YOUR GOAL> Would you set down the lines running from the one that holds "Cat Pizza Planets" to the final line of the listing, both included, exactly and with no others?

BEGIN

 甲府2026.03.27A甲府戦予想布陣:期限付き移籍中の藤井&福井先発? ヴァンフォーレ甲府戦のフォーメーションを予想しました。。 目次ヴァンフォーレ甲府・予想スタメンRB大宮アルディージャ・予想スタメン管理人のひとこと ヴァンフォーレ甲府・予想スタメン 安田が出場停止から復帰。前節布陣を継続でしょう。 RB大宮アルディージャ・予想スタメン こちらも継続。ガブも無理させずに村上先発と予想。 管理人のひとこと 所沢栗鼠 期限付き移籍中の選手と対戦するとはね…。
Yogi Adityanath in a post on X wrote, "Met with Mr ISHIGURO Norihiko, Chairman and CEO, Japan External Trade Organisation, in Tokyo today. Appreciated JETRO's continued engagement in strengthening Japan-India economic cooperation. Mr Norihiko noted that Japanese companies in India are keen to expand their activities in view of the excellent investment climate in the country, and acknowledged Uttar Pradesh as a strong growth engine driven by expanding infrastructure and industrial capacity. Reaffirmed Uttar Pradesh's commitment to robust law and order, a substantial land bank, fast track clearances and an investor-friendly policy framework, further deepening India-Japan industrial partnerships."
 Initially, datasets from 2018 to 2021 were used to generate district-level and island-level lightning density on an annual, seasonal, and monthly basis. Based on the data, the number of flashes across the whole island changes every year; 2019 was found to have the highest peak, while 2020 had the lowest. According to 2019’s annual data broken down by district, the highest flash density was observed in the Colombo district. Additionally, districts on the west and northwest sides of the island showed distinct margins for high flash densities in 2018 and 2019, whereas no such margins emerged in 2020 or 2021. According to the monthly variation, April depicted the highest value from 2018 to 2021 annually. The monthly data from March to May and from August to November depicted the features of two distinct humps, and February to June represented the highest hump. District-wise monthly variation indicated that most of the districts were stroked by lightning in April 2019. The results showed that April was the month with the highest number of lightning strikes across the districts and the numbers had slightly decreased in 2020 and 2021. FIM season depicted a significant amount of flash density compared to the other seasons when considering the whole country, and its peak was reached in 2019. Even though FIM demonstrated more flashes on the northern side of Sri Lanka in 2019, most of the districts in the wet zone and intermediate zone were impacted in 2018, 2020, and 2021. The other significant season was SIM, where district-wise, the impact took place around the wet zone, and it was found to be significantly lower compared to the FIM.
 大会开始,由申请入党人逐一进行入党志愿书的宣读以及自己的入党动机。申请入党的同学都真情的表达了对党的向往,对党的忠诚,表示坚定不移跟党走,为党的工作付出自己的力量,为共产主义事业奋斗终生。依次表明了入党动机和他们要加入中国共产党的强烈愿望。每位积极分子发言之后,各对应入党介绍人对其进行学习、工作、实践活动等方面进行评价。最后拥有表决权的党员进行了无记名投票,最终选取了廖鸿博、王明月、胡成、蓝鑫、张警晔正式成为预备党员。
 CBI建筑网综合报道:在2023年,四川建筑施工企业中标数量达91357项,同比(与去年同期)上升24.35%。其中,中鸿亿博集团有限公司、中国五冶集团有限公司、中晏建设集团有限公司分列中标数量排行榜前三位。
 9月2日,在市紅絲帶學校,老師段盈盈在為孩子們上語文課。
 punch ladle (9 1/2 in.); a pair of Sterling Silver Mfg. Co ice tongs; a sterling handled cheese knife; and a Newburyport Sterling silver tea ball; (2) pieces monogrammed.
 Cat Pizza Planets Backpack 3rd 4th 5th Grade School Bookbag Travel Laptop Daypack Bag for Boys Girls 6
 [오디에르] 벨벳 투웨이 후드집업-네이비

END

RESULT>
 Cat Pizza Planets Backpack 3rd 4th 5th Grade School Bookbag Travel Laptop Daypack Bag for Boys Girls 6
 [오디에르] 벨벳 투웨이 후드집업-네이비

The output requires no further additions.